This challenge is completed as requirement of Data Analytics Boot Camp at University of Toronto.
In this assignment, I have used my knowledge of Python and unsupervised learning to predict if cryptocurrencies are affected by 24-hour or 7-day price changes.
Following steps are followed in creating the predictions using Unsupervised Learning model:
This step involves the following:
-
Import the dependencies and required libraries.
-
Load the market data into a DataFrame and display the sample data.
-
Get the summary statistics.
-
Plot the data to see what the data looks like before proceeding which is as under:
The data is prepared by completing the tasks as follows:
-
Use the StandardScaler() module from scikit-learn to normalize the data from the CSV file.
-
Create a DataFrame with the scaled data.
-
Set the "coin_id" index from the original DataFrame as the index for the new DataFrame.

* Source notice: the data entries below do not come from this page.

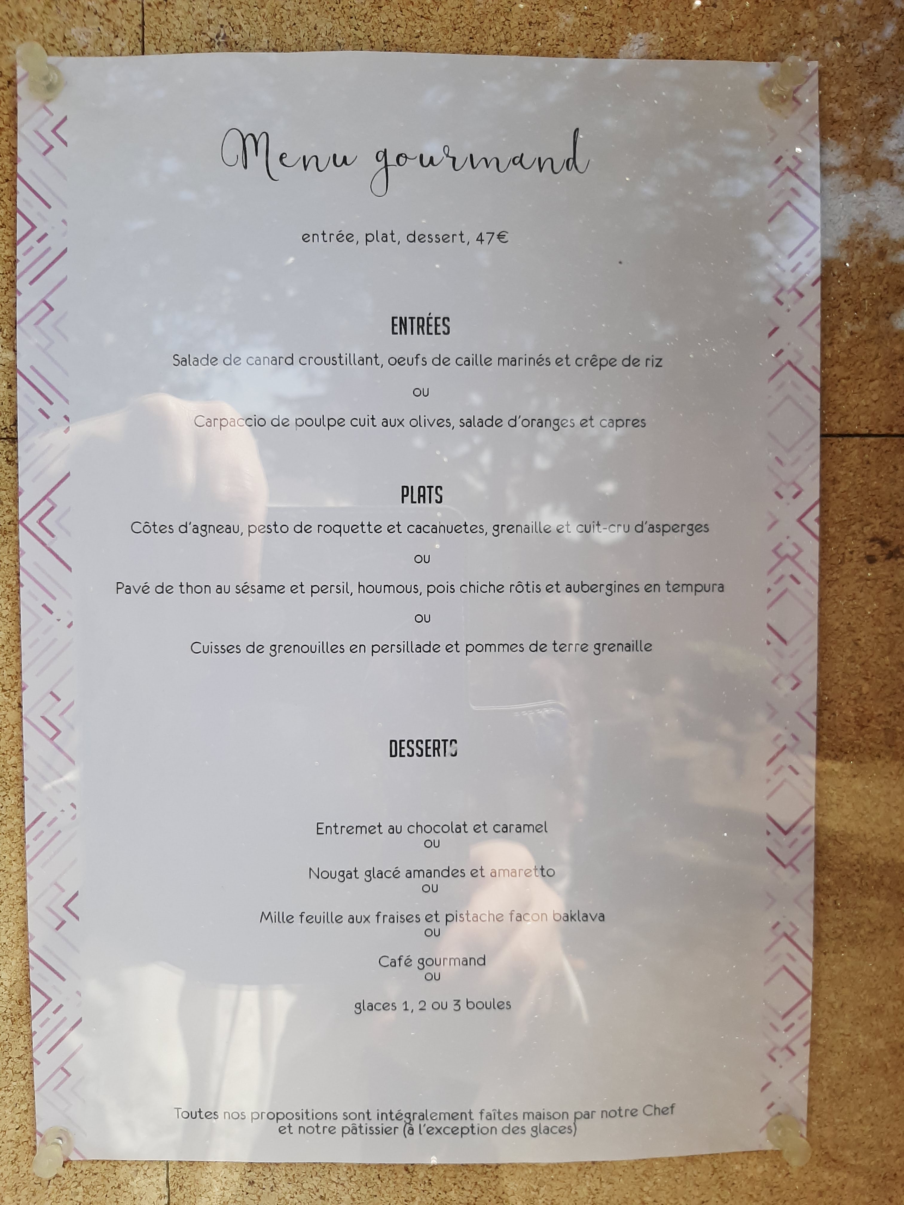 Rien de bien a part la vue et 1 service pro... 1 plat seul calerait a peine 1 enfant....pourtant prix exorbitant 20 euros 2 mini bout de viande et mini gratin 🤔foutage de gueule ! Poulet en croûte sans goût et basique avec mini purée de brocoli Bref ça a bien changer depuis un années.. .honteux !a bannir
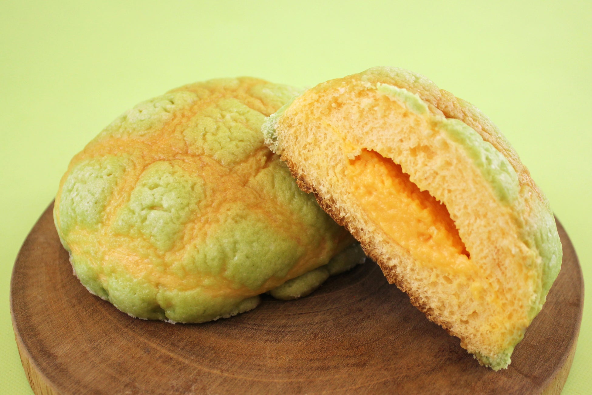 北海道産赤肉メロンピューレ入りのソフトな食感の生地に、メロン風味のクッキー生地をかぶせた、見た目もメロンのようなメロンパンです。メロンそのものを思わせる可愛らしい色味に、完熟した甘みが広がるフルーティーな一品です。
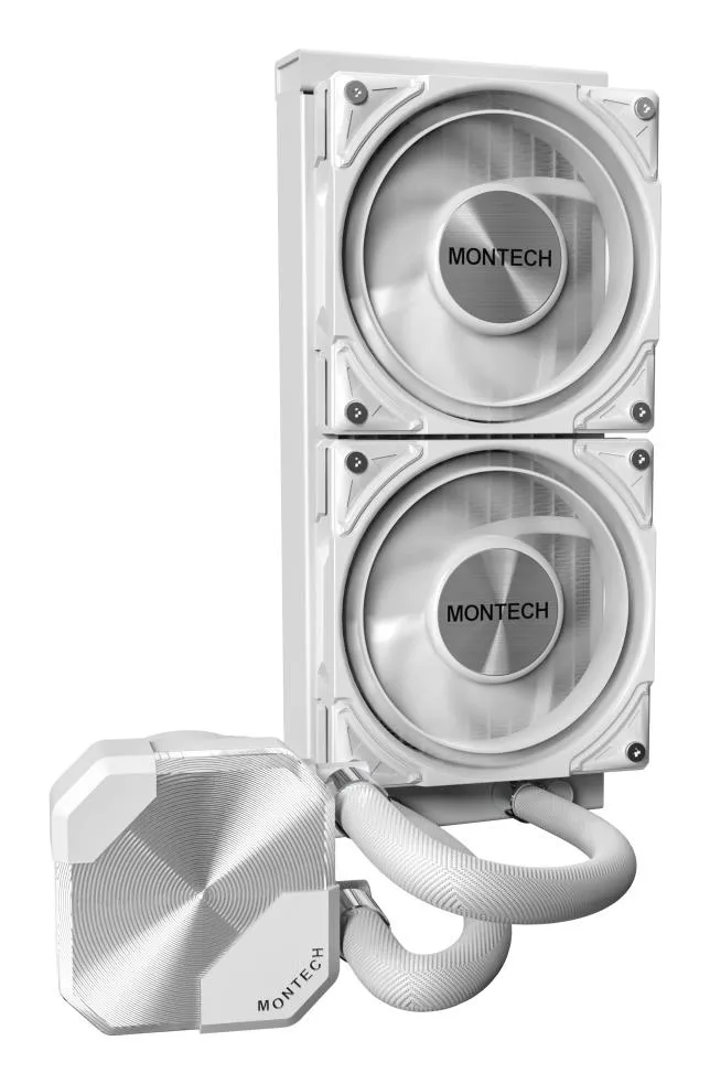 | Summary | Montech HyperFlow Silent 240. Type: All-in-one liquid cooler, Fan diameter: 12 cm, Airflow: 129.5 m³/h, Maximum air pressure: 3.12 mmH2O, Bearing type: Fluid Dynamic Bearing (FDB). Product colour: White |
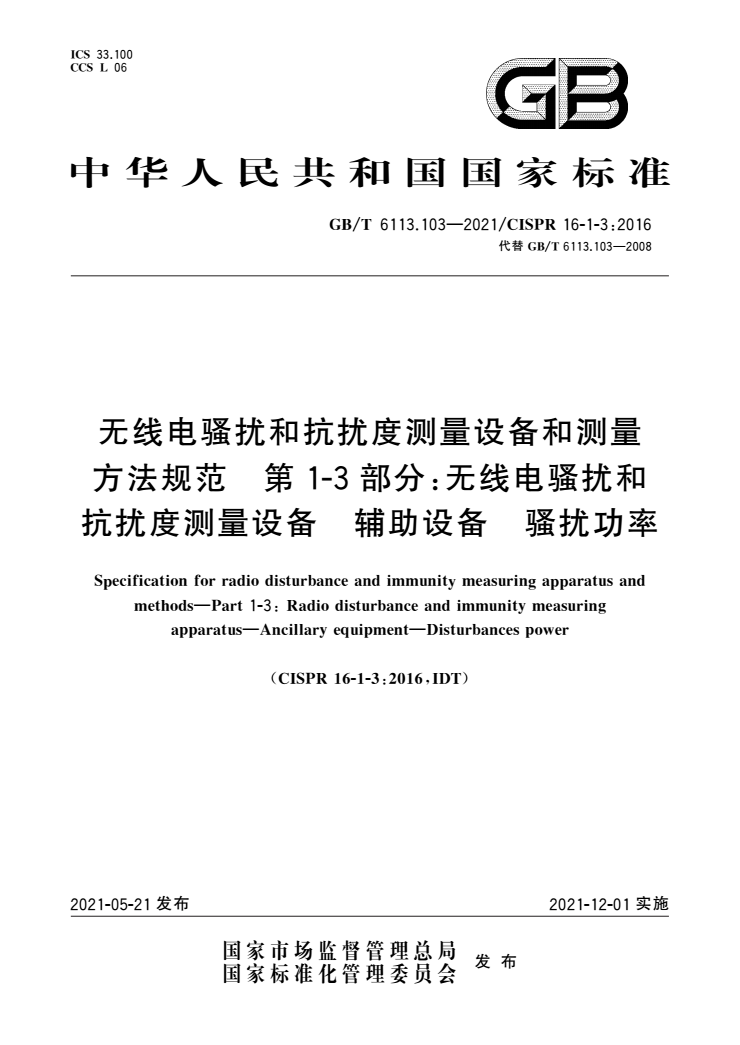 GB/T 6113.103-2021 无线电骚扰和抗扰度测量设备和测量方法规范 第1-3部分:无线电骚扰和抗扰度测量设备 辅助设备 骚扰功率
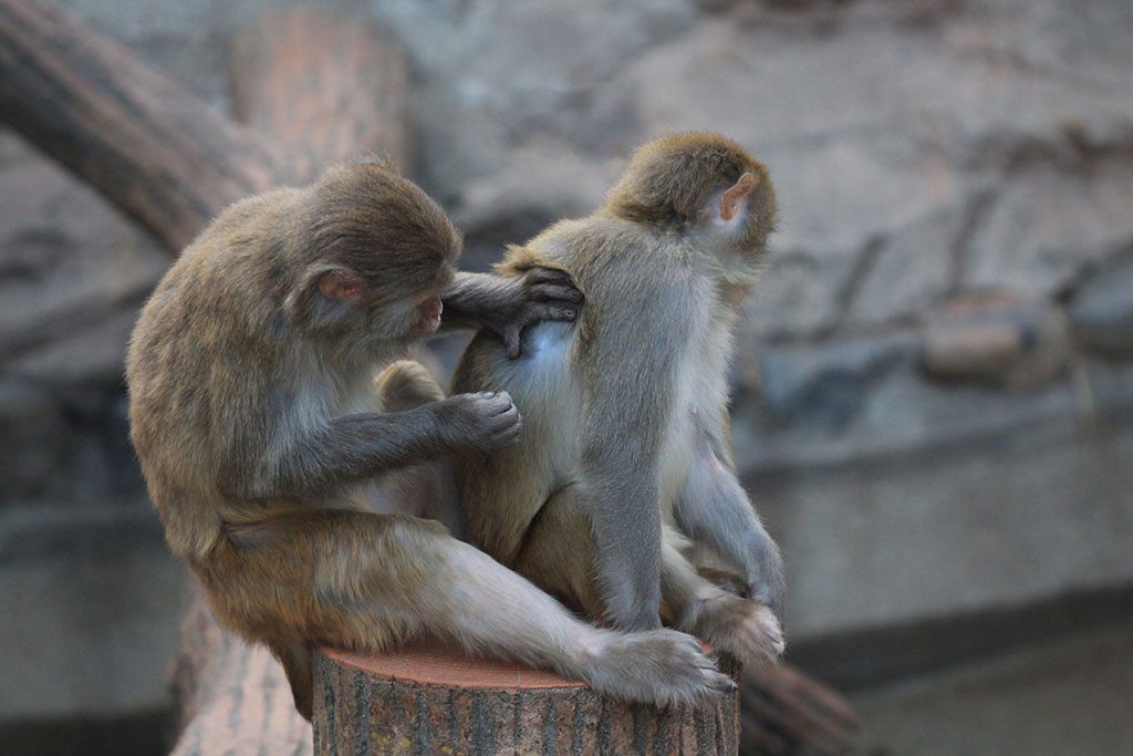 サル山では、14頭のアカゲザルが群れをなして生活しています。アカゲザルはニホンザルよりもひと回り小さく、しっぽが長いのが特徴。気持ちよさそうに毛づくろいをする姿や、元気よく跳ね回る姿は、ずっと眺めていても飽きません。
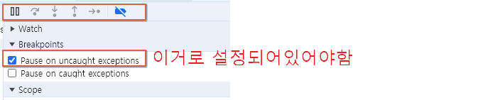 예외 발생 시, 멈추게 되는 기능이 켜져있었다.
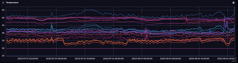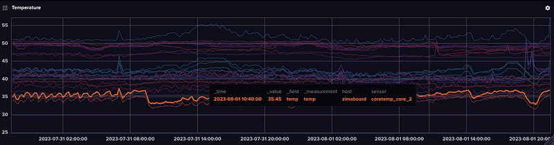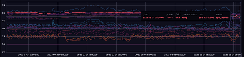 And we can see the Pi4B running InfluxDB is on the warmer side. Even with Argo Fan.

I used the elbow method to find the best value for k using the following steps:
-
Create a list with the number of k values from 1 to 11.
-
Create an empty list to store the inertia values.
-
Create a for loop to compute the inertia with each possible value of k.
-
Create a dictionary with the data to plot the elbow curve.
-
Plot a line chart with all the inertia values computed with the different values of k to visually identify the optimal value for k.
-
The best value for k is identified as 4 as can be inferred from the elbow curve displayed below:
I used the following steps to cluster the cryptocurrencies for the best value for k on the original scaled data:
-
Initialize the K-means model with the best value for k (which is 4).
-
Fit the K-means model using the original scaled DataFrame.
-
Predict the clusters to group the cryptocurrencies using the original scaled DataFrame.
-
Create a copy of the original data and add a new column with the predicted clusters.
-
Create a scatter plot using hvPlot as follows:
-
Set the x-axis as "price_change_percentage_24h" and the y-axis as "price_change_percentage_7d".
-
Color the graph points with the labels found using K-means.
-
Add the "coin_id" column in the hover_cols parameter to identify the cryptocurrency represented by each data point.
-
The scatter chart created shows the clusters as under:
The clusters are optimized with PCA by completing the following steps:
-
Using the original scaled DataFrame, perform a PCA and reduce the features to three principal components.
-
Retrieve the explained variance to determine how much information can be attributed to each principal component. About 89.5% of the total variance is considered into the 3 PCA variables.
-
Create a new DataFrame with the PCA data and set the "coin_id" index from the original DataFrame as the index for the new DataFrame.
I used the elbow method on the PCA data to find the best value for k using the following steps:
-
Create a list with the number of k-values from 1 to 11.
-
Create an empty list to store the inertia values.
-
Create a for loop to compute the inertia with each possible value of k.
-
Create a dictionary with the data to plot the Elbow curve.
-
Plot a line chart with all the inertia values computed with the different values of k to visually identify the optimal value for k.
-
The best value for k when using the PCA data can be identified as 4 as shown in the elbow curve below. This is similar to the best k value found using the original data.
I used the following steps to cluster the cryptocurrencies for the best value for k on the PCA data:
-
Initialize the K-means model with the best value for k.
-
Fit the K-means model using the PCA data.
-
Predict the clusters to group the cryptocurrencies using the PCA data.
-
Create a copy of the DataFrame with the PCA data and add a new column to store the predicted clusters.
-
Create a scatter plot using hvPlot as follows:
-
Set the x-axis as "PC1" and the y-axis as "PC2".
-
Color the graph points with the labels found using K-means.
-
Add the "coin_id" column in the hover_cols parameter to identify the cryptocurrency represented by each data point.
-
The scatter chart created shows the clusters as under:
The results are visualized and compared by completing the following steps:
-
Create a composite plot by using hvPlot and the plus sign (+) operator to compare the elbow curve created from the original data with the one created from the PCA data.
-
Create a composite plot by using hvPlot and the plus (+) operator to compare the cryptocurrency clusters that resulted from using the original data with those that resulted from the PCA data.
Based on visually analyzing the cluster analysis results, following is the impact of using fewer features to cluster the data by using K-means:
Although the elbow curves are identical for both sets of data, we can conclude that we can use less features (with PCA) and get a relatively better performance to the original model since we can identify four clusters in a better manner. The data is grouped in cryptocurrency clusters in both cases, however, the clusters with PCA data are more close and clear, especially, the third cluster for celsius-degree-token is clearly differentiated from the other clusters using PCA data.